Where pred_results is a 4-tuple of (precision, recall, F1, F3), where each is a 1-D tensor of scores for each prediction-reference pair. F3 is similar to the well-known F1 score, that considers recall 3 times as important as precision. See the definition on Wikipedia.

See our example.py script. Additional details are shown in the original BERTScore demo notebook.

Huggingface 🤗 Models

We fine-tuned the microsoft/codebert-base-mlm model for 1,000,000 steps (with batch_size=32) on several languages separately.

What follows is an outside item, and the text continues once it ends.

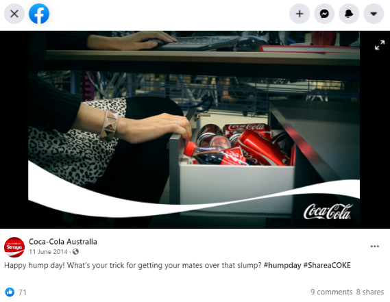 Taking cues from Coca-Cola, you can also start a conversation with your audience around a topic and encourage them to join you by using branded and campaign hashtags on Facebook.

We released the following models to the Huggingface hub:

  • neulab/codebert-python (the default model for lang='python')
  • neulab/codebert-javascript (the default model for lang='javascript' or 'js')
  • neulab/codebert-c (the default model for lang='c')
  • neulab/codebert-cpp (the default model for lang='cpp' or 'c++')
  • neulab/codebert-java (the default model for lang='java')

The appropriate model will be loaded automatically when passing the lang argument to the score(..) function, for example: lang='python'. For other uses, these models can be loaded using (for example):

from transformers import AutoTokenizer, AutoModelForMaskedLM

tokenizer = AutoTokenizer.from_pretrained("neulab/codebert-python")
model = AutoModelForMaskedLM.from_pretrained("neulab/codebert-python")

Additional Features

  • We found that in NL->Code problems, more accurate results are achieved by encoding the NL sources with the code prediction, but then measuring similarity only for the encoded code:
pred_results = code_bert_score.score(cands=predictions, refs=refs, lang='python', sources=sources)
  • We also found that using Inverse Document Frequencies improve the results, similarly to the original BERTScore. We included an example script that shows how to precompute them here compute_idf.py. Then, the resulting dictionary can be used with the argument idf=idf_dict. Our IDF dicts can be found in ./idf_dicts/.

  • Tuning the layer that the similarity is computed from is also helpful, using num_layers=N where N is between 5-10:

  • We found that more accurate results are achieved by encoding the entire inputs, but measures the similarity only between non-punctuation and non-whitespace tokens. To disable the removal of punctuation tokens, use no_punc=False.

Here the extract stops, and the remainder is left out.